Access to the Upper River

Road access to this upper area is limited to Foresthill Road, which becomes the Soda Springs Road somewhere near Robinson Flat. Foresthill Road begins at the Foresthill off-ramp from Interstate 80, just northeast of Auburn. The town of Foresthill is approximately 17 miles from Highway 80. From there, the road winds up the divide to The Cedars, where it turns north and away from the river, toward Soda Springs. In this article, the road will be called the Foresthill/Soda Springs Road.

There are a number of trails that provide access to the upper canyon, all of them steep, difficult, and sometimes obscure, but always worth the effort. These include the Tevis Cup Trail, the Western States Trail, the Palisades Trail, the Painted Rock Trail, the Wabena Creek Trail, and a few others. Below the Royal Gorge area, the trails from the north include the Big Granite, Euchre Bar, Green Valley, and Pickering Bar Trails. From the south, the Sailor Flat, Beacroft, Mumford Bar, Dorer Ranch, and Italian Bar Trails provide access to the river. All of these trails are described and depicted in a highly informative book authored by my friend Ron Gould, North Fork Trails: Hiking Trails of the North Fork American River Canyon. (See the sidebar for more information.) This article will concentrate on the five trails that are found on the south (Foresthill) side of the river and divide, plus the American River Trail, which intersects some of them and which follows the river upstream in an easterly direction.

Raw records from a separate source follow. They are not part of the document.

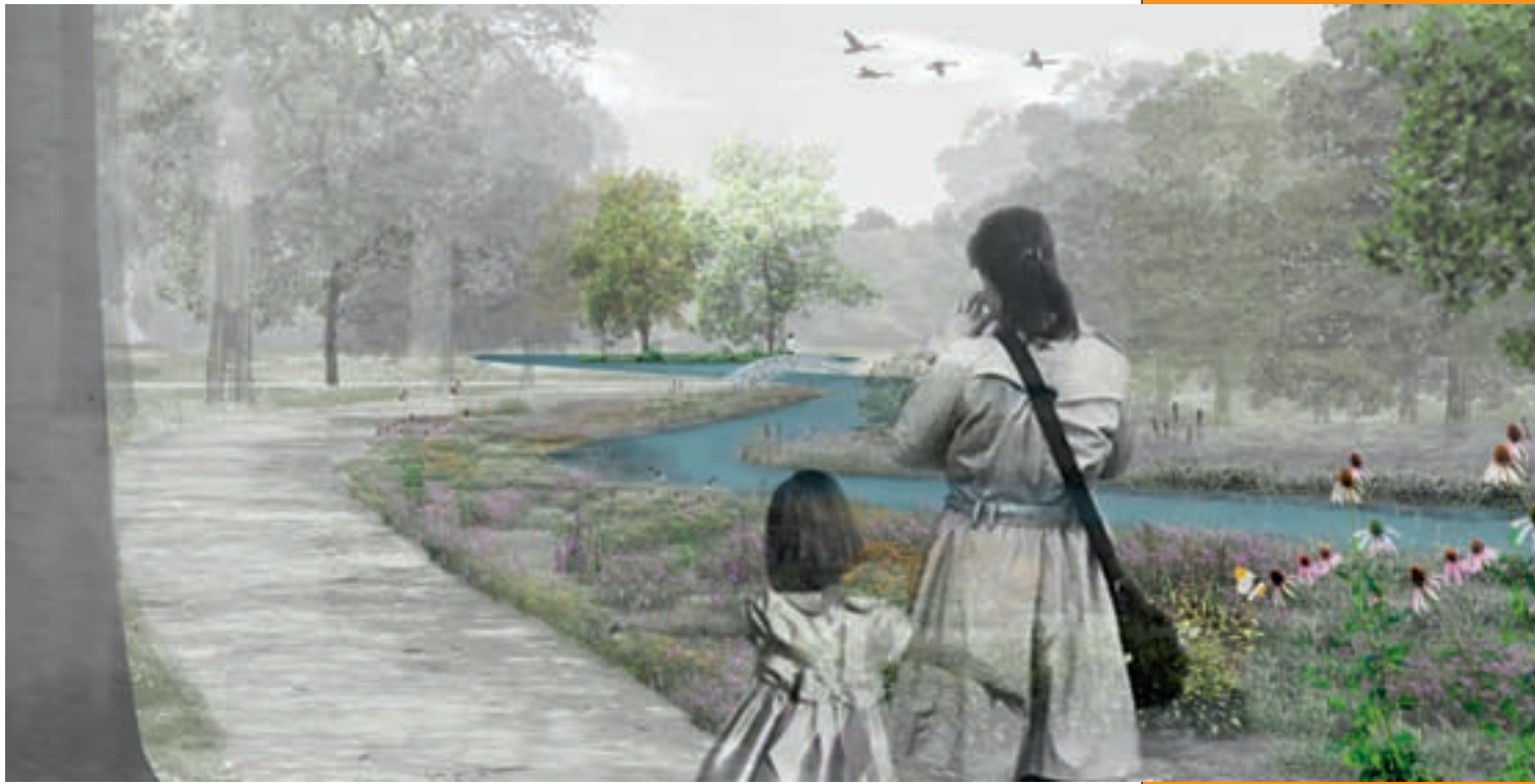
Het urneiland (collage).

fect moest gehandhaafd blijven, eentonigheid van de wandeling moest worden voorkomen.
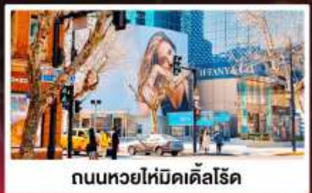
ถนนหวยไห่มีดเคิลโรด
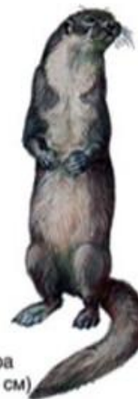
Выдра (до 75 см)
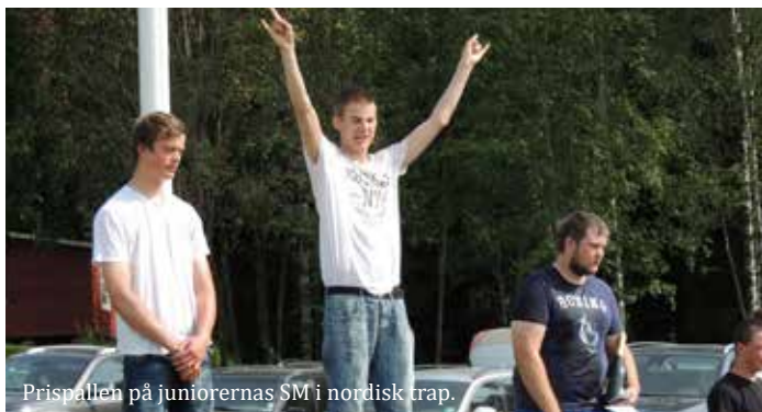
Prispallen på juniorernas SM i nordisk trap.
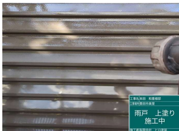
3 3 雨戸 上塗り 施工中
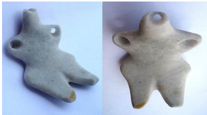
Cernavoda - pandativ de marmură antropomorfă

Preferința pentru materialele animale poate fi corelată cu natura predominant pastorală a economiei Hamangia. De exemplu, multe ornamente au fost făcute din oase de Ovis, reflectând importanța acestor animale în viața de zi cu zi a comunității.
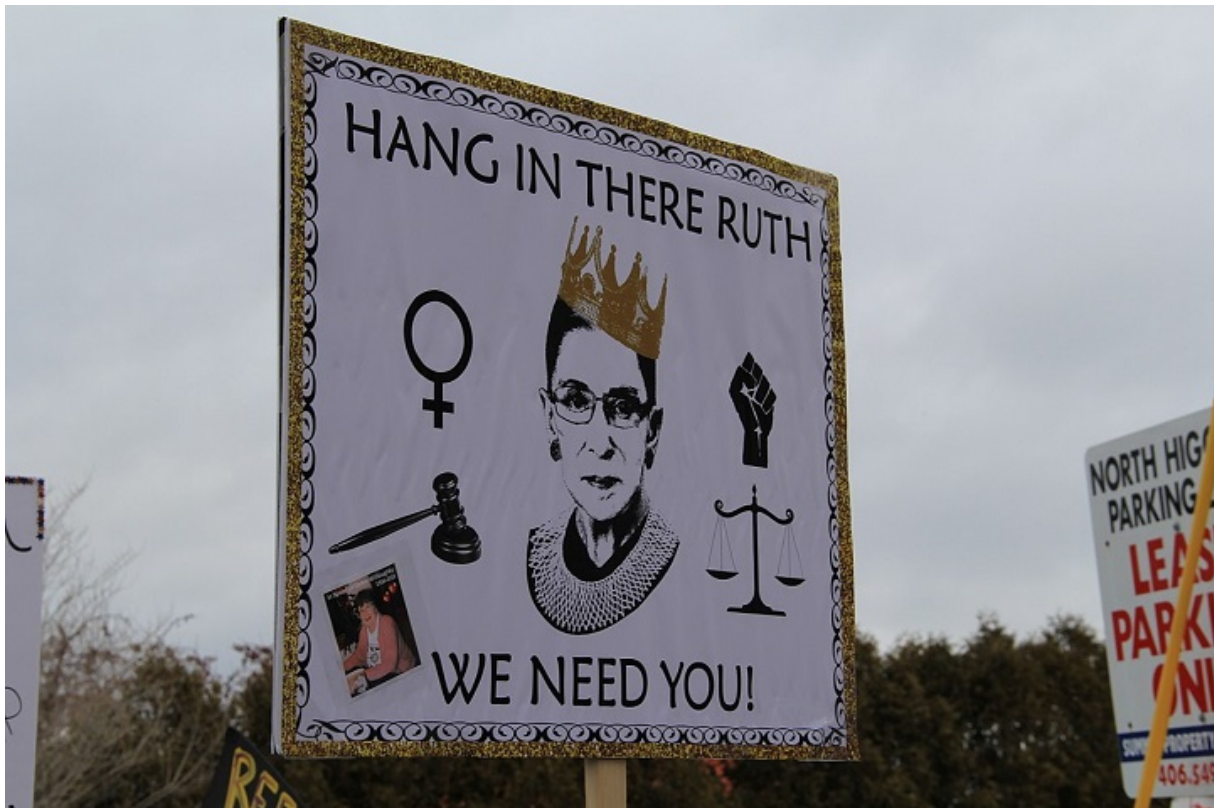
На женском марше

При этом, как Трамп, так и его соперник — Джо Байден, выразили глубокие соболезнования в связи с кончиной Рут Гинзбург.

Other trails and venues along the river will be the subject of a future article.

The Sailor Flat Trail is the eastern most trail down to the North Fork, west of The Cedars. To get there, turn left on a rough dirt road located 26.5 miles from the Foresthill Ranger Station on the Foresthill/Soda Springs Road (39° 10.400’ N; 120° 30.455’ W). Follow this road for about 2.5 miles to the trailhead (39° 11.364’ N; 120° 30.07’ W). A four-wheel-drive vehicle is recommended, because the road is rocky, with many water bars. From the trailhead, follow the 2-mile, steeply dropping trail past the abandoned Trinidad Mine and continue down to the river, where the trail intersects with the American River Trail, which follows the river upstream and downstream. Sailor Canyon Creek joins the river a short distance upstream from that intersection, and although it is a little stream, it sports fine pools and runs that are home to small, but eager rainbows that will eat any well-presented size 14 dry fly.

This portion of the North Fork is within the Wild Trout Area and is characterized by classic pocket water, riffles, and runs. Fish it with high-floating dries or with nymphs using a dry/dropper setup or a short-line nymphing rig. Golden Stoneflies in sizes 8 and 10 work well, as do standard mayfly and caddis nymphs.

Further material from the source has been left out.